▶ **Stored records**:
######

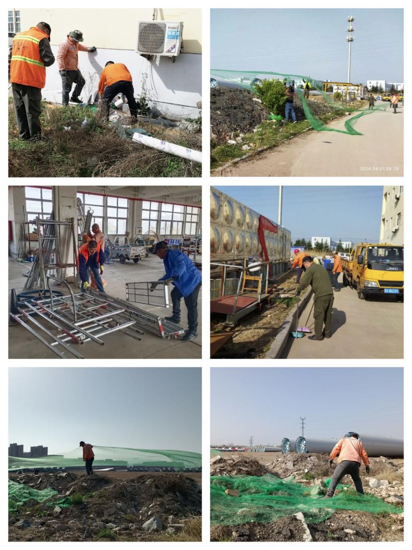 4月1日上午,該分公司各班組職工對(duì)室外露天的沙堆和石子用防塵網(wǎng)進(jìn)行認(rèn)真的覆蓋,有效的防止了揚(yáng)沙揚(yáng)塵對(duì)環(huán)境的污染影響。在車間里,職工們將散亂在各處的角手架等物品整齊的擺放在了指定區(qū)域,然后用水龍頭對(duì)地面進(jìn)行認(rèn)真的清洗,保證車間內(nèi)一塵不染的視覺效果,本次活動(dòng)的開展,明顯提升了車間和周邊環(huán)境的衛(wèi)生條件,增強(qiáng)了公司的環(huán)保形象,為大干二季度營造了良好的工作環(huán)境。
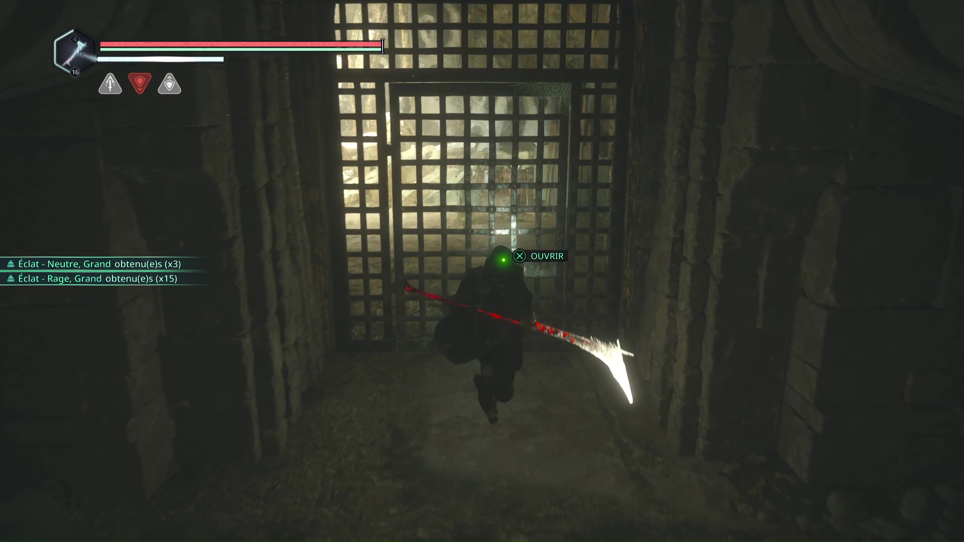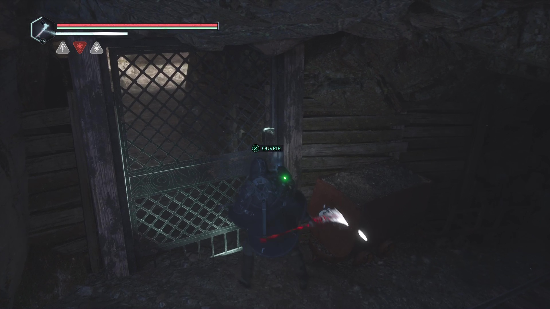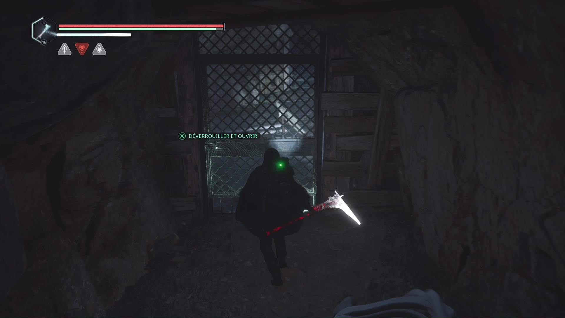 Continuez jusqu’à un Hollow Walker-Haze de rage, éliminez-le et ouvrez une nouvelle porte sur la gauche. Avancez jusqu’à devoir déverrouiler une porte, puis allez en face pour utiliser une fois encore votre clé de la mine.
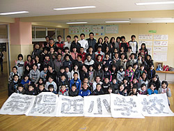 6年間お世話になった学校への感謝の気持ちを形に残そうと卒業事業係が企画。この日は看板の原案を製作しました。以前授業で生徒たちが自分の名前の一字を手彫りしたハンコを利用して、判を押し並べて『菊陽西小学校』の6文字を作り上げました。生徒たちは自分たちの手作りしたものが卒業後も校門横の掲げられると知り、丁寧に心をこめて押していました。
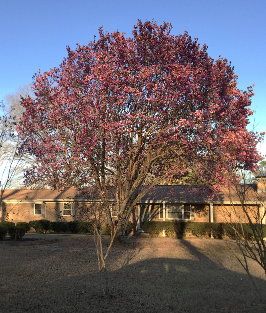 Gigantic cup-shaped flowers before leaves in late winter.
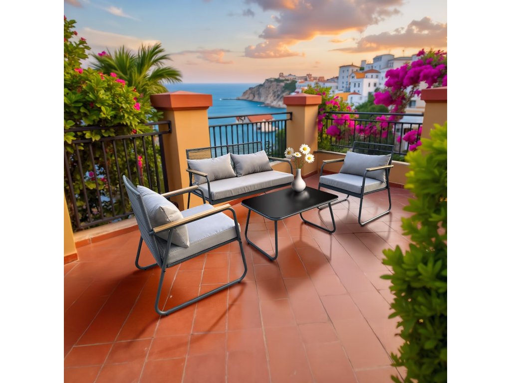 Vneste do svého zahradního posezení, terasy nebo balkonu eleganci a maximální pohodlí s tímto moderním zahradním setem z oceli a umělého wickeru. Sestava se skládá ze dvou pohodlných křesel, prostorné pohovky a praktického konferenčního stolku a je ideální pro letní relax i posezení s rodinou a přáteli.
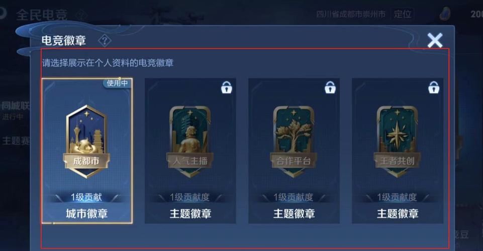 〖贰〗、王者荣耀城市徽章4级的升级办法主要是通过参与全民电竞活动。以下是具体的升级攻略:参与全民电竞活动 积极参赛:玩家需要不断参加全民电竞活动,这是提升城市徽章等级的主要途径。每次参与都会对徽章的升级有所贡献。
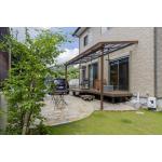 外構やお庭は手付かずの状態でしたが、ナチュラルな外構へとリフォームしました。車2台分の駐車スペースを確保し、カーポートを設置。アプローチは、車が入れるよう門塀を寄せ、車対応のコンクリートで施工。あえてムラのあるレンガを使用することで、建物の経年変化に自然と馴染む雰囲気に仕上げました。お庭のデッキには、テラス屋根を設置し、目の前には乱形石を用いたテラスをつくりました。リビングからも眺められる場所にはデザインウォールを設け、お部屋からもくつろげる落ち着いた空間を演出しました。
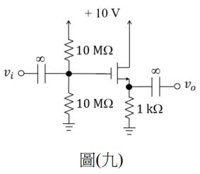 15. 如圖(九)所示之放大器電路,假設 N 通道增強型 MOSFET 之臨界電壓VGS(t) = 1 V, 參數k = 0.5 mA/V2,且厄力電壓(Early voltage)VA = ∞,則電壓增益Av約為何?
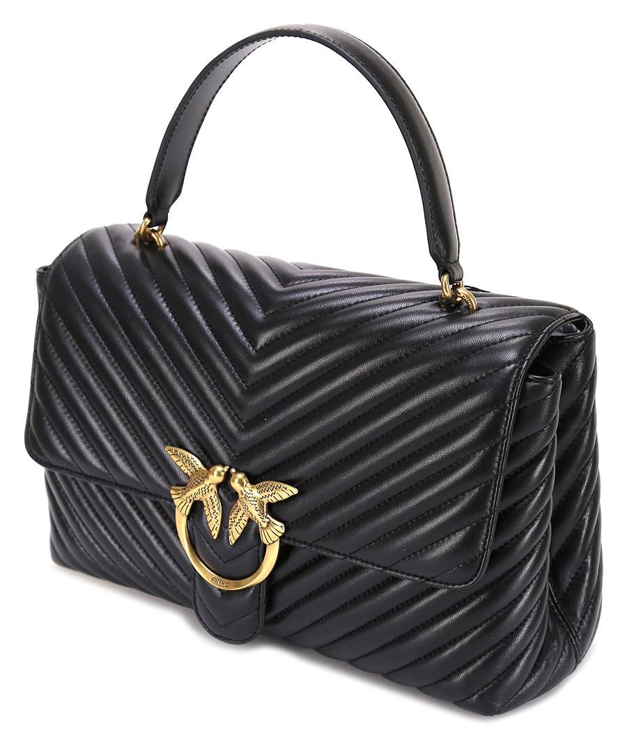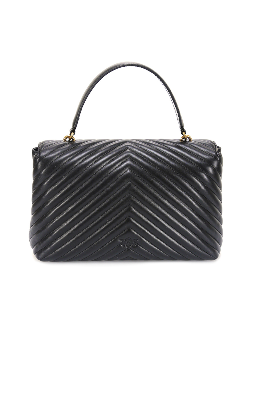 Borsa in pelle con chiusura ad incastro. Logo frontale applicato. Misure 35 x 19 cm.
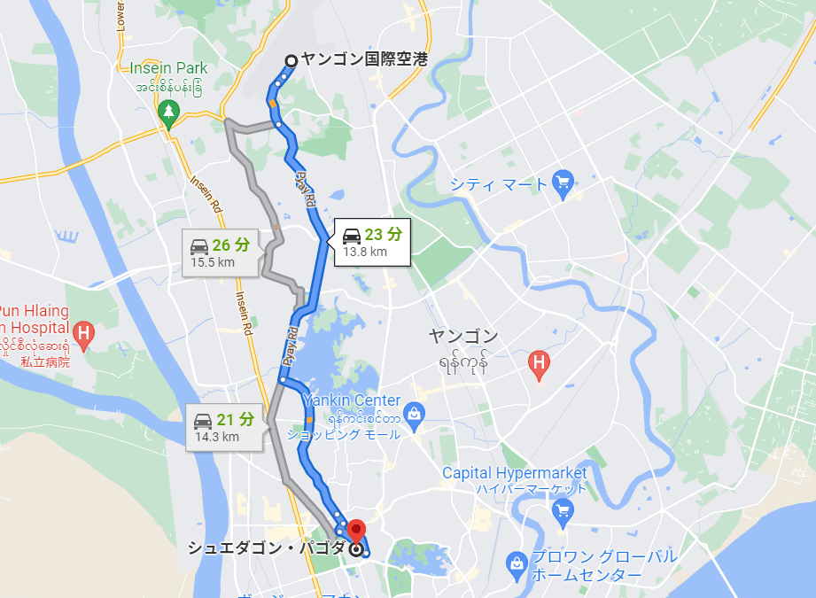 「ヤンゴン」の中心地は「ヤンゴン国際空港」から車で約25分の場所にある。地下鉄や電車は整備されていないため、使える交通手段はバスかタクシーだ。
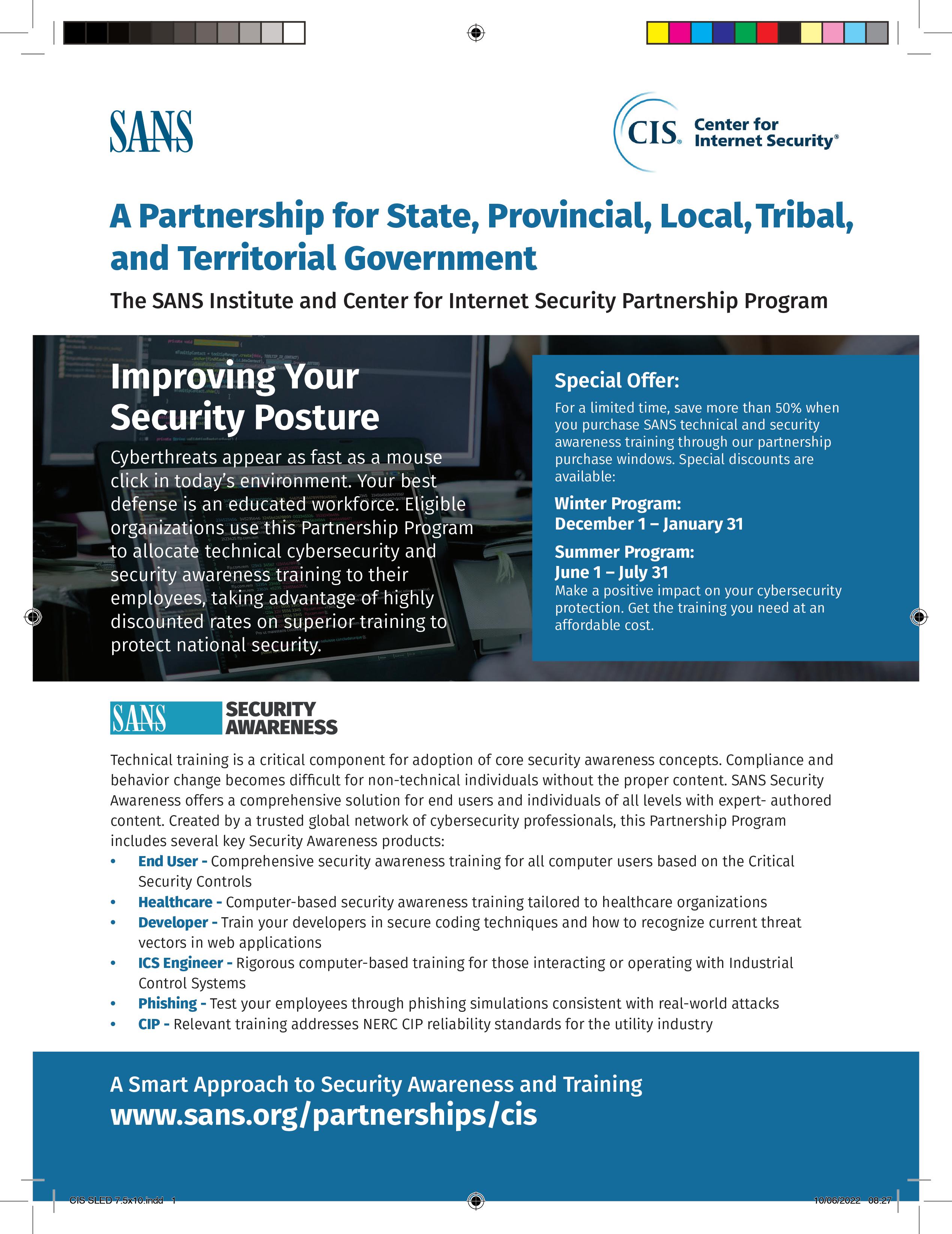 As the threat landscape continues to evolve in monumental ways for U.S. State, Local, Tribal, and Territorial (SLTT) agencies, it is now more important than ever to rely on one another and unite to mount effective defenses against today's cyber threats.
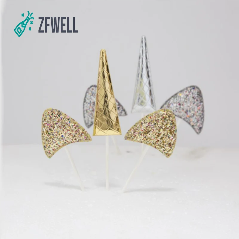 Buy Gold Unicorn Horn Ears Cupcake Topper Birthday Cakes
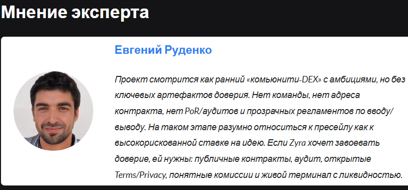 Так как платформа появилась в августе 2025 года, в интернете пока нет реальных отзывов от пользователей. Однако нам удалось найти мнение эксперта Евгения Руденко, который уже успел изучить проект. Он высказался критически, отметив, что «Зайра Эксчендж» выглядит довольно рискованно и пока не внушает доверия из-за отсутствия конкретных действий ее создателей

######

▶ **TASK DESCRIPTION**:
Using the data above, retype exactly and only the lines from the one containing "Continuez jusqu’à un" up to and including the one containing "Vneste do svého", with no pictures carried over.

▶ **OUTPUT OF THE EXERCISE**:
 Continuez jusqu’à un Hollow Walker-Haze de rage, éliminez-le et ouvrez une nouvelle porte sur la gauche. Avancez jusqu’à devoir déverrouiler une porte, puis allez en face pour utiliser une fois encore votre clé de la mine.
 6年間お世話になった学校への感謝の気持ちを形に残そうと卒業事業係が企画。この日は看板の原案を製作しました。以前授業で生徒たちが自分の名前の一字を手彫りしたハンコを利用して、判を押し並べて『菊陽西小学校』の6文字を作り上げました。生徒たちは自分たちの手作りしたものが卒業後も校門横の掲げられると知り、丁寧に心をこめて押していました。
 Gigantic cup-shaped flowers before leaves in late winter.
 Vneste do svého zahradního posezení, terasy nebo balkonu eleganci a maximální pohodlí s tímto moderním zahradním setem z oceli a umělého wickeru. Sestava se skládá ze dvou pohodlných křesel, prostorné pohovky a praktického konferenčního stolku a je ideální pro letní relax i posezení s rodinou a přáteli.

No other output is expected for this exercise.